(Data excerpts)
┄┄┄┄┄┄┄┄┄┄┄┄┄┄┄┄┄┄┄┄

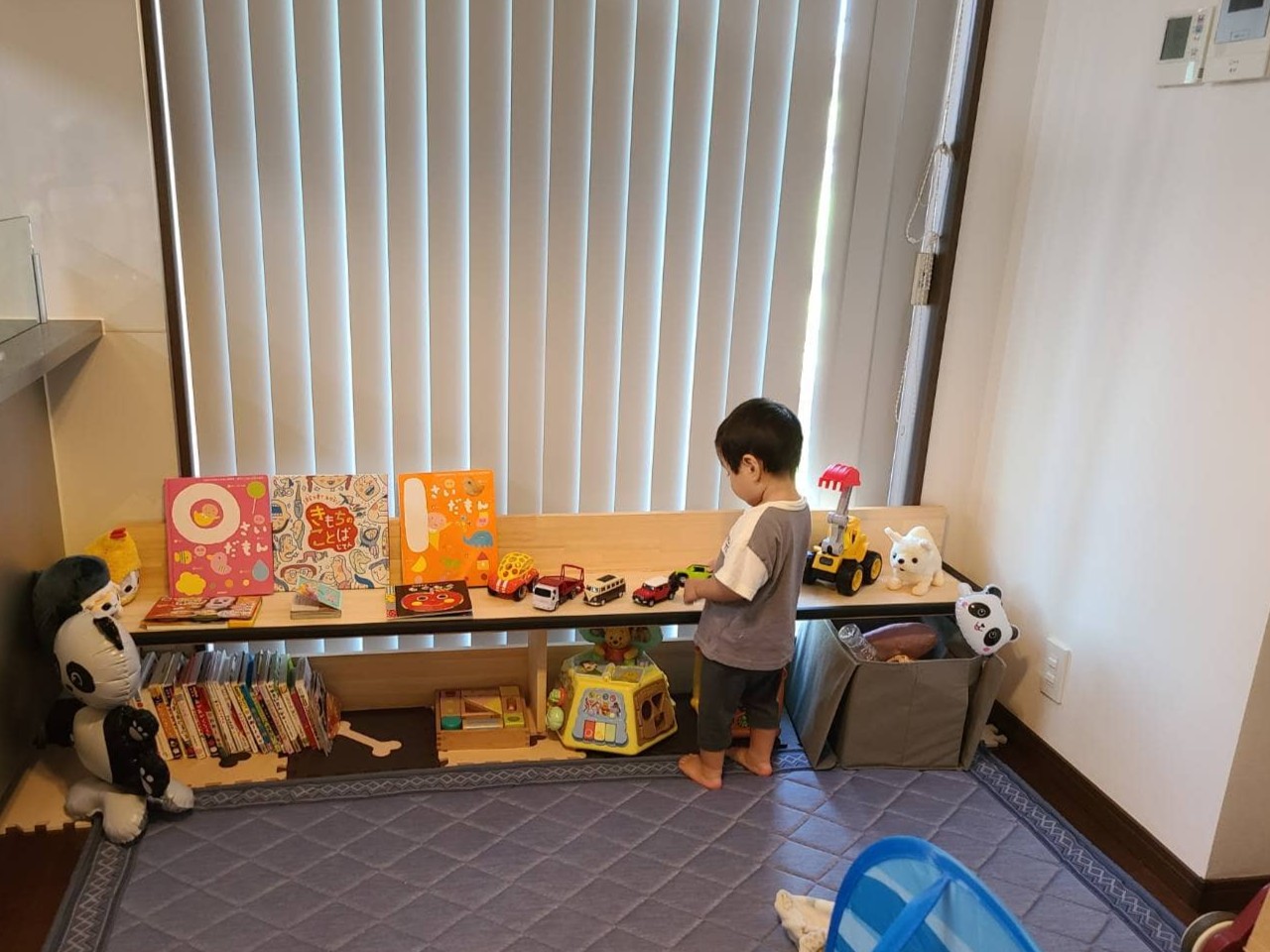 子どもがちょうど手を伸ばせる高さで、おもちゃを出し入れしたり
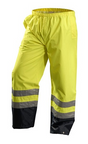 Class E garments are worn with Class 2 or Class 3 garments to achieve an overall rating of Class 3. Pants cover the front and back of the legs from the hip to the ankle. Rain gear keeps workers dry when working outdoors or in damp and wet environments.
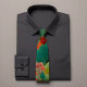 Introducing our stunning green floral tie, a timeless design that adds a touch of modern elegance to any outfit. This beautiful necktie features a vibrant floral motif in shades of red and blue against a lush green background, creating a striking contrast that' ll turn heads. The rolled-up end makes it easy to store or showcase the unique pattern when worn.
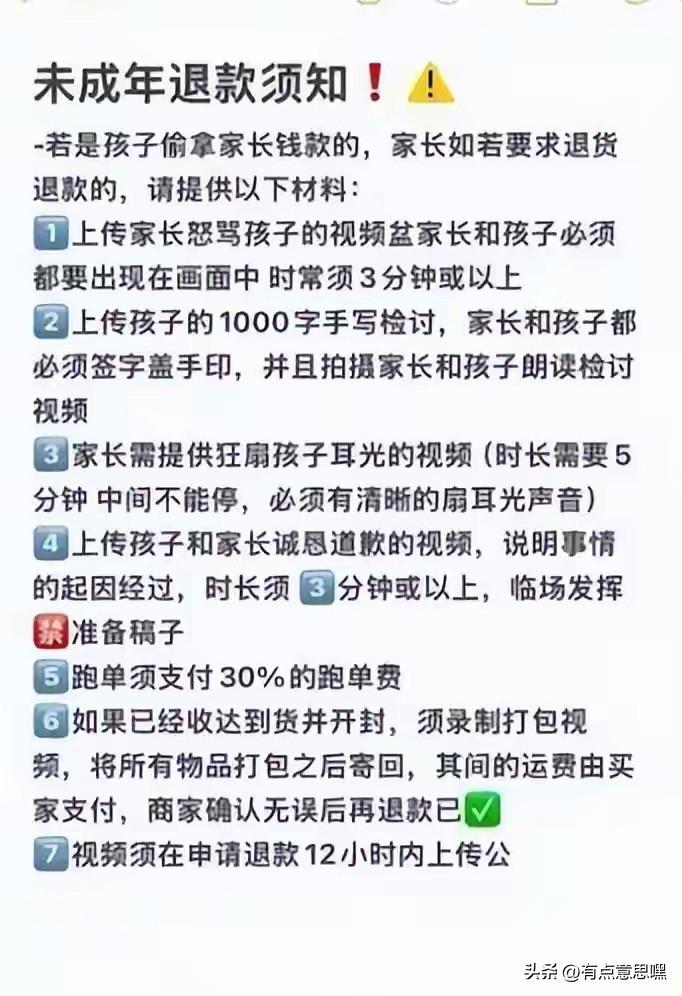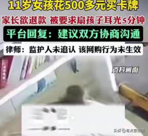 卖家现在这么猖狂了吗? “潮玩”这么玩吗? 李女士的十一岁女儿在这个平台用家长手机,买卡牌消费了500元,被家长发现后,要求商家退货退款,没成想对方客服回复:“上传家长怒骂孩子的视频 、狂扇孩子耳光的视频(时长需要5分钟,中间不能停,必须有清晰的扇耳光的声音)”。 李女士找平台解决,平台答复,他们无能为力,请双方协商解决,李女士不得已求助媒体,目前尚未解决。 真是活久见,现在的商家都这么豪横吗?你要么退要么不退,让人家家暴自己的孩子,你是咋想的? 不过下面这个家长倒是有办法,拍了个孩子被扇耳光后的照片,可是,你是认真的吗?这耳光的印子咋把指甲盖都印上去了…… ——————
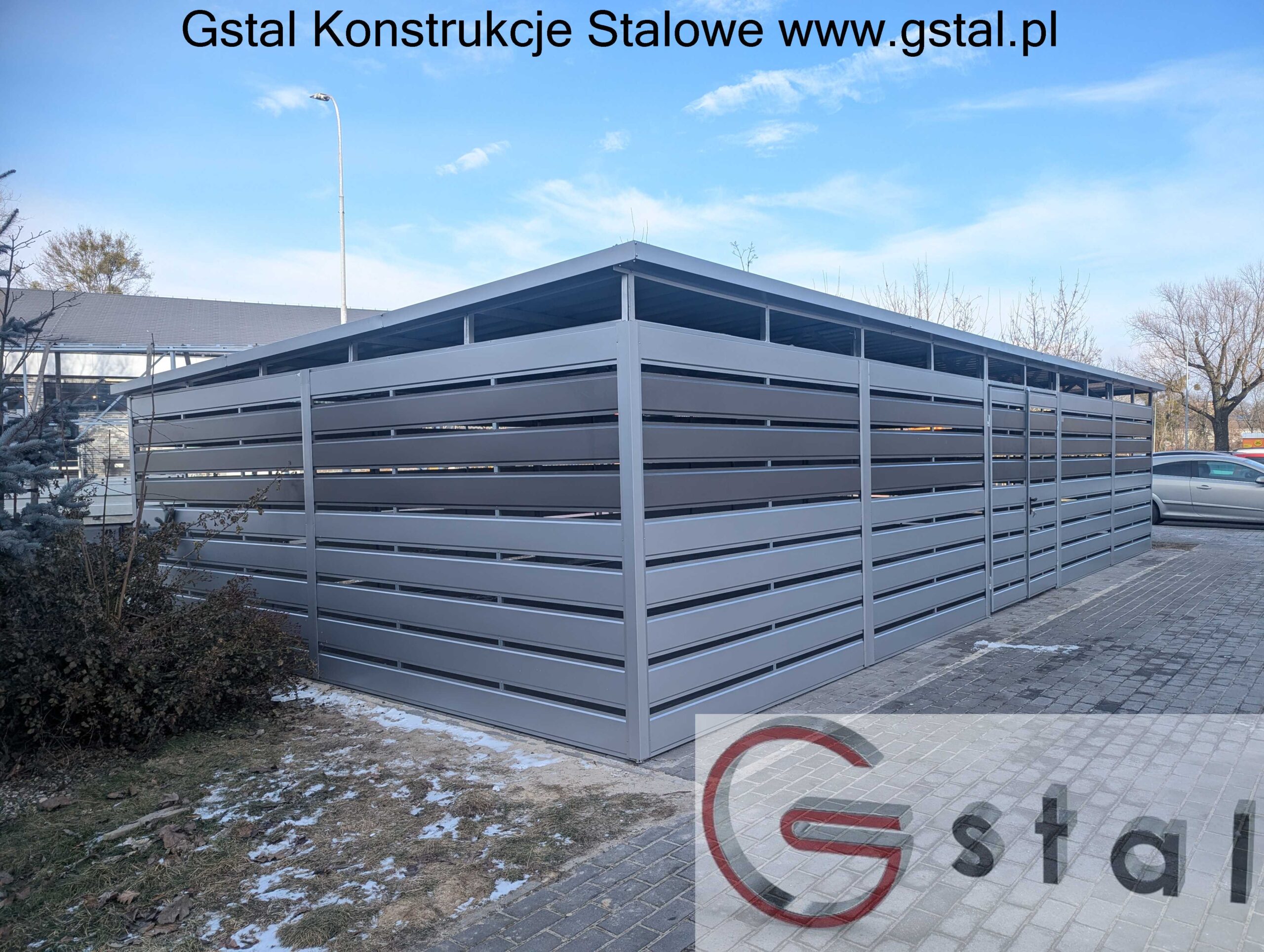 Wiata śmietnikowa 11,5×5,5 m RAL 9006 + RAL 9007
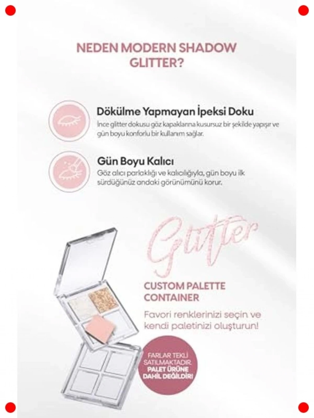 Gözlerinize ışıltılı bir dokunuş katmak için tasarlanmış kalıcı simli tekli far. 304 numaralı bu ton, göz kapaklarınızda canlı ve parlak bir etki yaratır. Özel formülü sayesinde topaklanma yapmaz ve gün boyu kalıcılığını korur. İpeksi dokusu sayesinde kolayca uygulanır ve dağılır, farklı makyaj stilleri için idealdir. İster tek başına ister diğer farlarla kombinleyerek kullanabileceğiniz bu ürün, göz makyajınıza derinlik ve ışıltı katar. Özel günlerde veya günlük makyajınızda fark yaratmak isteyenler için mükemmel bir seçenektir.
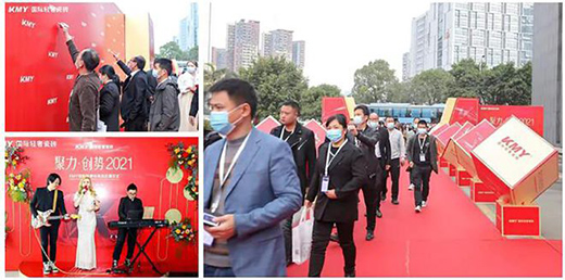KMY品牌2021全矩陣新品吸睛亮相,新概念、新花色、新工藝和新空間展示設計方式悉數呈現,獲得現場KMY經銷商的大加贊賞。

┄┄┄┄┄┄┄┄┄┄┄┄┄┄┄┄┄┄┄┄

> WHAT YOU ARE ASKED TO DO: We ask that the entries above be copied exactly, with the pictures omitted.

> RESPONSE BOX:
 子どもがちょうど手を伸ばせる高さで、おもちゃを出し入れしたり
 Class E garments are worn with Class 2 or Class 3 garments to achieve an overall rating of Class 3. Pants cover the front and back of the legs from the hip to the ankle. Rain gear keeps workers dry when working outdoors or in damp and wet environments.
 Introducing our stunning green floral tie, a timeless design that adds a touch of modern elegance to any outfit. This beautiful necktie features a vibrant floral motif in shades of red and blue against a lush green background, creating a striking contrast that' ll turn heads. The rolled-up end makes it easy to store or showcase the unique pattern when worn.
 卖家现在这么猖狂了吗? “潮玩”这么玩吗? 李女士的十一岁女儿在这个平台用家长手机,买卡牌消费了500元,被家长发现后,要求商家退货退款,没成想对方客服回复:“上传家长怒骂孩子的视频 、狂扇孩子耳光的视频(时长需要5分钟,中间不能停,必须有清晰的扇耳光的声音)”。 李女士找平台解决,平台答复,他们无能为力,请双方协商解决,李女士不得已求助媒体,目前尚未解决。 真是活久见,现在的商家都这么豪横吗?你要么退要么不退,让人家家暴自己的孩子,你是咋想的? 不过下面这个家长倒是有办法,拍了个孩子被扇耳光后的照片,可是,你是认真的吗?这耳光的印子咋把指甲盖都印上去了…… ——————
 Wiata śmietnikowa 11,5×5,5 m RAL 9006 + RAL 9007
 Gözlerinize ışıltılı bir dokunuş katmak için tasarlanmış kalıcı simli tekli far. 304 numaralı bu ton, göz kapaklarınızda canlı ve parlak bir etki yaratır. Özel formülü sayesinde topaklanma yapmaz ve gün boyu kalıcılığını korur. İpeksi dokusu sayesinde kolayca uygulanır ve dağılır, farklı makyaj stilleri için idealdir. İster tek başına ister diğer farlarla kombinleyerek kullanabileceğiniz bu ürün, göz makyajınıza derinlik ve ışıltı katar. Özel günlerde veya günlük makyajınızda fark yaratmak isteyenler için mükemmel bir seçenektir.
KMY品牌2021全矩陣新品吸睛亮相,新概念、新花色、新工藝和新空間展示設計方式悉數呈現,獲得現場KMY經銷商的大加贊賞。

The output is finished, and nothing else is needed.